Other researchers who have made contributions in the
area of image similarity techniques for content-based indexing
into image databases include Carlo Tomassi [6] and
Rosalind Picard [4].
As a paradigm for an image search engine for theWorld
Wide Web, image similarity has its difficulties. An example
image is not always available, at least for the first query
before images have been returned from the search engine
(which may or may not provide good examples to work
from). In many cases describing specifications verbally is
easier than searching for or drawing an example picture.
A problem with the current approaches to image similarity
is that they are very low-level. Often user’s notions of
image similarity require more interpretation of the image
than provided by typical image similarity metrics such as
color and texture measures. The desired form of similarity
can vary widely depending on the goals of the user. And
the complexity of similarity matching in high-dimensional
feature spaces may make it less practical for applications
such as World Wide Web search engines, which require
rapid response to huge numbers of queries.
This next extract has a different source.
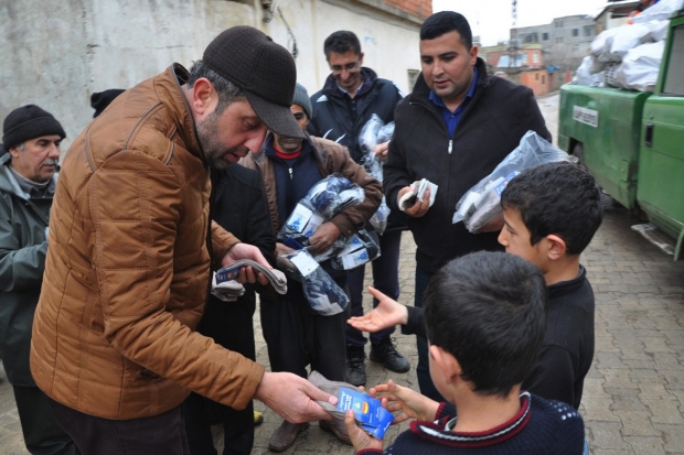 İslahiye ilçesinde tespit edilen yaklaşık 700 ihtiyaç sahibine İslahiye Belediyesi tarafından 200'er kiloluk odun ve ailelerin fert sayısına göre kışlık çorap dağıtıldı. Çuvalların içerisine konularak, belediyeye ait kamyonlarla mahallelere götürülen odun ve hayırseverlerin desteğiyle alınan çoraplar, belediye ekipleri tarafından ihtiyaç sahiplerine teslim edildi. Odun ve çorap dağıtımı ile ilgili bilgi veren İslahiye Belediye Başkanı Kemal Vural, "Ülkelerindeki savaştan kaçarak ülkemize ve ilçemize sığınan ve kamplarda yer bulamayan Suriyeliler, çok kötü şartlarda yaşam mücadelesi veriyor. Belediye olarak kendi imkanlarımız dahilinde ihtiyaçlarını karşılamaya çalışacağız" dedi. İhtiyaç sahiplerine Kaymakamlık tarafında kömür yardımı yapıldığını hatırlatan Vural, "Kömürü tutuşturacak odunu da biz belediye olarak karşılıyoruz. Böyle çok kötü şartlarda oturan vatandaşların evlerinin giderlerini kapı penceresini ve elektriğini çekiyoruz. 21. yüzyılda halen elektriksiz evlerde oturan insanlar var. Bunu da tüm dünyanın duyması gerekiyor" diye konuştu.

For existing
methods of similarity retrieval, search time increases exponentially
with the dimensionality of the feature space1 and
logarithmically with the number of images in the database
[10].
One approach that is more promising in a multi-media
database such as the World Wide Web is to supplement
the image content with other types of information associated
with the image. Ogle and Stonebraker’s Cypress system
[3] uses information contained in hand-keyed database
fields to supplement image content information. Srihari’s
Piction system [9] uses the captions of newspaper photographs
containing human faces to help locate the faces.
As in Srihari’s work, we intend to use text associated with
the image to guide interpretation of the image. Since much
useful information about the content of the image can be
gleaned from the associated text, the image analysis need
only complement the information obtained from the text.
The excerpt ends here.